## Problem to solve
Omit all pictures and transcribe only the lines in the entries below that run from the line with "The Carlyle podle" through the line with "王朝霞期末专项卷——图形与统".

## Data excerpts
——
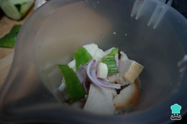 En el vaso triturador coloca el pimiento troceado, la cebolla cortada en tiras, el pan en remojo y el diente de ajo pelado. A continuación, pela el pepino, retira las semillas y trocea.
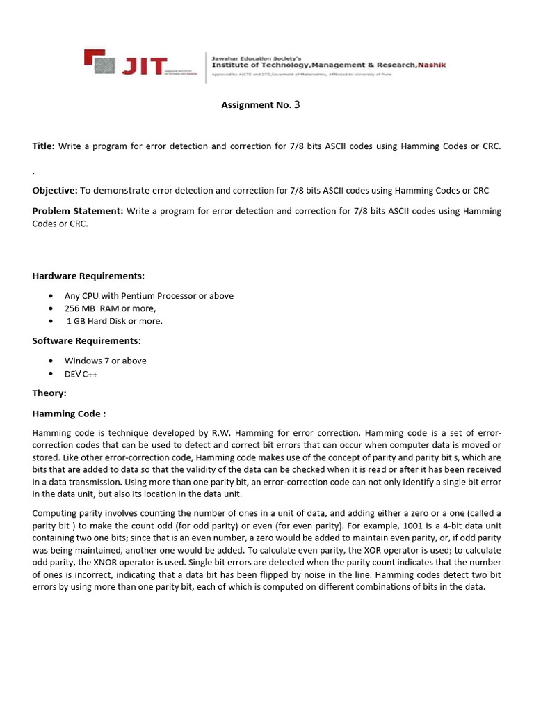 Objective: To demonstrate error detection and correction for 7/8 bits ASCII codes using Hamming Codes or CRC
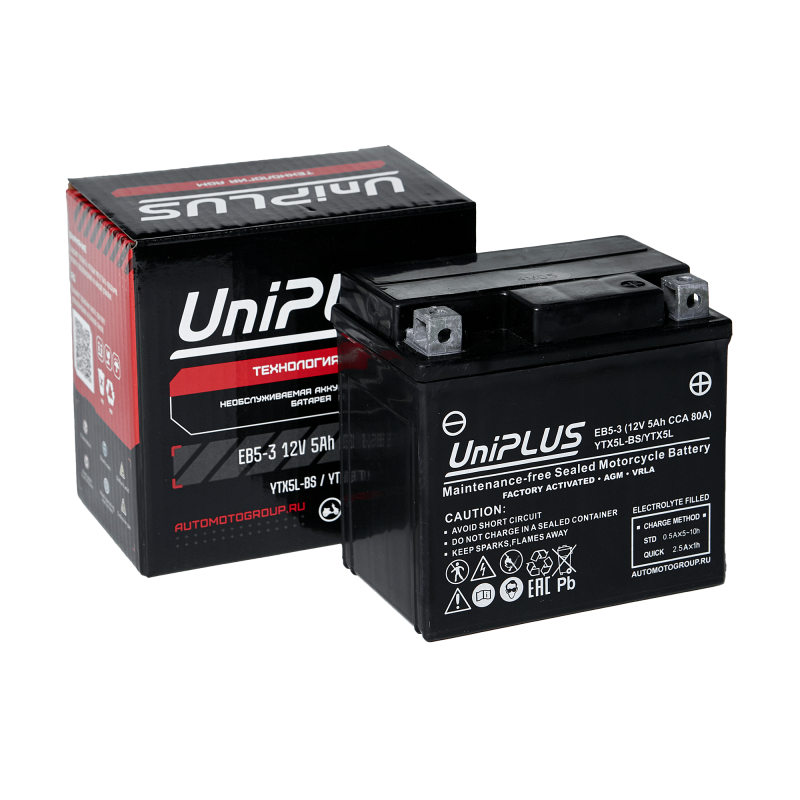 Аккумулятор Uplus EB 5-3 (ёмкость 4 Ач, напряжение 12 В) разработан специально для мототехники по технологии AGM. Батареи этой серии выделяются целым рядом особенностей: высокие пусковые и стартерные токи, быстрый приём заряда и продолжительный срок службы. Пусковой ток составляет (CCA) 70 А, полярность клемм у батареи обратная (-+). Корпус из прочного полимера надёжно запаян, что защищает АКБ от протеканий и обеспечивает повышенную виброустойчивость. Благодаря сульфатоустойчивым пластинам Uplus EB 5-3 обладает продолжительным сроком службы, он достигает 5 лет при правильной эксплуатации. Обслуживание не требуется. Мото аккумулятор активирован на заводе и полностью готов к эксплуатации. АКБ Uplus EB 5-3 можно использовать в широком температурном спектре: от -40 до +40 °C. Это позволяет применять батарею не только для мотоциклов, квадроциклов, садовой и спецтехники, но и в зимний период для снегоходов. Свинцово-кислотный мотоаккумулятор Uplus EB 5-3 является полным аналогом следующих моделей: YTX5-L-BS.
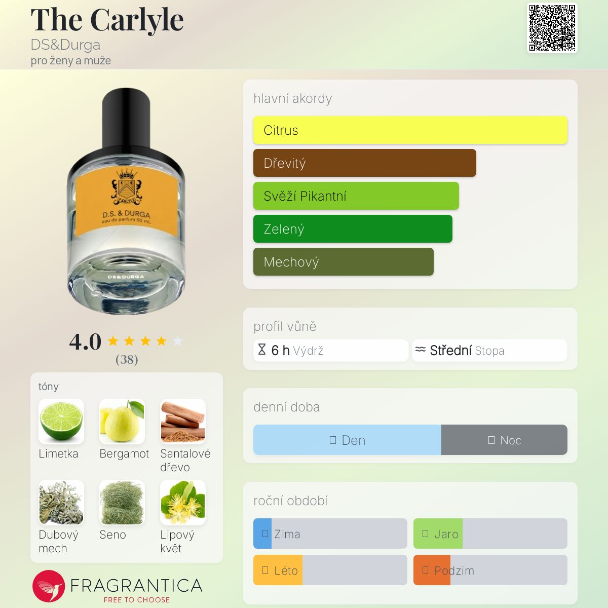 The Carlyle podle DS&Durga je Floral Woody Musk vůně pro ženy a muže. The Carlyle byl/a uveden/a v roce 2023. Vrchní tóny jsou Limetka, Bergamot a Neroli; střední tóny jsouLipový květ, Zimolez a Růže ; základní tóny jsou Santalové dřevo, Mech a Seno.
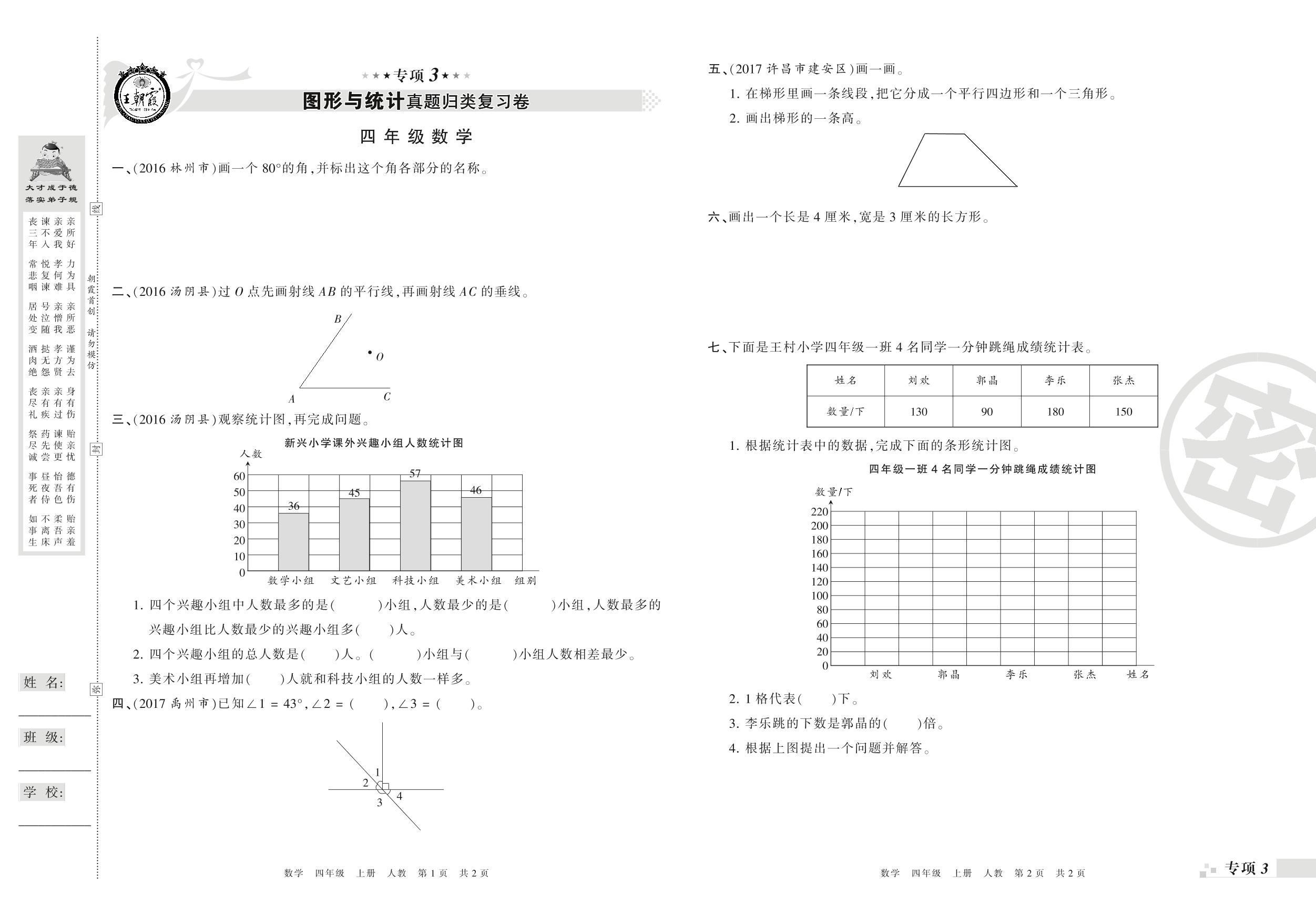 王朝霞期末专项卷——图形与统计、解决问题真题归类复习卷四年级上册数学(人教版)_R210804155813【0】
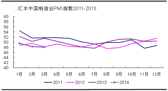 宏觀數(shù)據(jù):2014年03月24日公布的2014年03月匯豐中國制造業(yè)采購經(jīng)理人指數(shù)初值為48.1%,較2014年02月終值環(huán)比下降0.4個百分點從分項指數(shù)看,新訂單指數(shù)和產(chǎn)出指數(shù)均于榮枯線下方反季節(jié)性回落反映內(nèi)需趨冷,而兩項庫存指數(shù)均升反映企業(yè)去庫存壓力上升,兩項價格指數(shù)大幅下挫反映供需關(guān)系進一步弱化,3月PPI環(huán)比承壓。3月匯豐PMI產(chǎn)出指數(shù)初值于榮枯線下方繼續(xù)回落1.5個百分點,錄得18個月來最低值47.3%,新訂單指數(shù)亦于榮枯線下方加速萎縮,下跌1.7個百分點至47.9%,而新出口訂單指數(shù)繼續(xù)回升至榮枯線上方的51.4%,反映內(nèi)需趨冷;3月制造業(yè)產(chǎn)成品庫存和采購庫存分別上升1.1個百分點和1.3個百分點,分別錄得51.2%和49.2%,在新訂單大幅下降的前提下,兩項庫存皆升反映需求趨冷環(huán)境下企業(yè)去庫存壓力上升;值得注意的是,3月匯豐PMI產(chǎn)出和投入價格指數(shù)在萎縮區(qū)間繼續(xù)大幅下挫,分別下降4.2和5.0個百分點至40.8%和41.8%,PMI價格指數(shù)大幅下降反映供需關(guān)系進一步弱化,3月PPI環(huán)比難以改善。
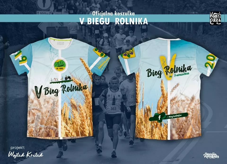 Dla wszystkich, którzy lubią koszulki biegowe, przygotowaliśmy wysokiej jakości techniczną koszulkę. Trykot wyprodukuje "Warsztat Koszulkowy" z Zabrza. Koszulka w tym roku ma motyw żniwny, dużo w niej symboli rolniczych, jest bardzo kolorowa i na pewno wyróżni się w tłumie podczas zawodów.
——
## Task solution
 The Carlyle podle DS&Durga je Floral Woody Musk vůně pro ženy a muže. The Carlyle byl/a uveden/a v roce 2023. Vrchní tóny jsou Limetka, Bergamot a Neroli; střední tóny jsouLipový květ, Zimolez a Růže ; základní tóny jsou Santalové dřevo, Mech a Seno.
 王朝霞期末专项卷——图形与统计、解决问题真题归类复习卷四年级上册数学(人教版)_R210804155813【0】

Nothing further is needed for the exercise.